# Shelby Traveler...how about this one?



## jd56 (Nov 15, 2013)

I was contacted by the owner of this Shelby Traveler.
With a serial number of  *H16861*
Can some give me the year of this one? I can't seem to find much on the Shelby Serial numbers...is it a CWC frame?

He wants to sell me the bike and seems to think it is more valuable than I think it is. Obviously the frame has been house painted and the chainguard is missing. 
Probably there is a lot of other things wrong or incorrect on the bike.

He wants to trade for a nice middleweight but, I need to know what your take is on this one before I make an offer. 
Of course a value would be nice based on what you see on this one.


----------



## Euphman06 (Nov 15, 2013)

I wouldn't go over $100 for it personally... House painted bikes I usually leave alone unless rare. I do like the fork and bars on it though.


----------



## jpromo (Nov 15, 2013)

Looks '40-41 or so Shelby built. Parts look mostly correct besides maybe the bars. It's too bad it was sprayed since it looks like it was the lovely blue-red paint scheme.

I tend to stay away from repaints too but there's a chance this could be saved. I'd be around 100$ too, though.


----------



## DonChristie (Nov 15, 2013)

I am by far a Shelby expert, altho I just bought one. It's a cool looking ride! The best way to determine value is to itemize each piece as if you were gonna part out. 
Rack=75
bars/stem=50
frame/forks/struts = 100
rims=50
seat=30
fenders=30
sprocket/cranks/Pedals=30

=$365 give or take. Location is also a part of the formula. House paint does kill the overall price. 
This is how I deal with these types of bikes. This is just a guesstimation on my part! What ya trading for it?


----------



## jpromo (Nov 15, 2013)

Remember though, that a part-out is much different from a complete bike (for reasons which border on the metaphysical). A similar original, complete, with a tank went for a very fair price a few weeks ago. Oh hey, here it is. http://thecabe.com/vbulletin/showthread.php?48845-Shelby&highlight=shelby

That bike is definitely worth its salt for the price. The one in question, while not valueless, is just an old repainted bike as it sits. With some work, it can be a Shelby again but for the time, effort and $$ that will go into it, better to get it cheaply.


----------



## DonChristie (Nov 15, 2013)

I wasnt suggesting to part out, just a way to determine value. And yes, the Shelby you dug up is sweet, isnt it?


----------



## dougfisk (Nov 15, 2013)

There have been a few of these lately.  I put them all at 41 to 48.  Unless you have access to a secret serial number database it is very dificult to tell a late prewar from an early postwar Shelby.  You have to evaluate component by component and they are all subject to having been changed.  The bars, brake arm, and 1/2in driveline are post-war indicators on this one.


----------



## jd56 (Nov 15, 2013)

*Thanks*

yeah it's a shame the paint isn't original and not really a model I am drawn to. Well, maybe a little. I do have a thirst for later prewar skipthooths, lately.
But, given my talents for repaint are limited, this one is way too much work and I don't like parting out bikes. Especially if that was the intent to purchase the bikes....not that anyone is suggesting that.
I do understand the concept of the "sum of all parts" should establish a value. But when looking at this tormented painted over frame, there is just no meat on the bone if it ever did come up for sale.
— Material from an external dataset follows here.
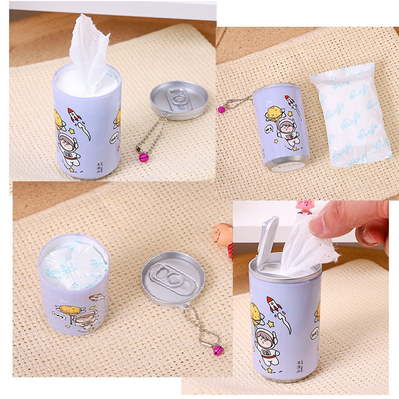 ☘️THÔNG TIN SẢN PHẨM : 1. Kích thước dạng lon có nắp khui : 8.5cm x 5cm. 2. Trọng lượng: 83g 3. Khăn giấy để trong bọc kín có 30 chiếc. 4. Chất liệu: Vải không dệt cao cấp, mềm mại, an toàn. 5. Sản phẩm có nhiều mẫu, Shop xin phép giao ngẫu nhiên.
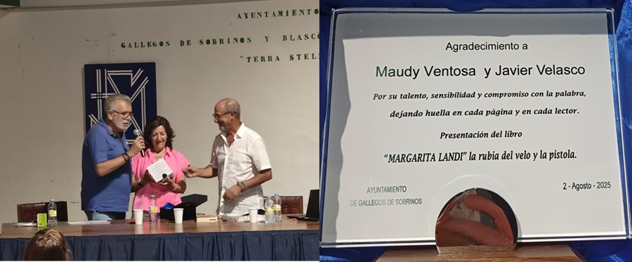 Este verano, han tenido el inmenso honor de poder participar en la Semana Cultural que ha organizado Luis María Nieto, el alcalde que no duerme, diferentes personas. Primero, dando el pregón de las fiestas el día de Santiago, Maudy Ventosa, y más tarde presentando el libro “Margarita Landi. La rubia del velo y la pistola” que ha escrito junto al periodista y escritor Javier Velasco Oliaga. ¿Hay algo más bonito que dar el pregón en su pueblo? ¡Desde luego que no! La autora se sintió arropada por dos pueblos a la vez, por los amigos con los que compartió los mejores años de su vida; querida y orgullosa de sus raíces y, por supuesto, se sintió muy emocionada.

He wanted a nice rider and was thinking of my Huffy Custom Liner as a possible trade. There is something about gothic or peaked fenders that aren't as appealing to me, even though I would trade a few of my nicer bikes for a nice Huffy Radio Bike. But, in my bike appraisal mind, my Huffy is worth every bit of $350.






So no one knows for sure what the serial number H16861 decodes to?
40-48 just is too broad for me.


----------



## Freqman1 (Nov 15, 2013)

You were wise to pass on that deal! V/r Shawn


----------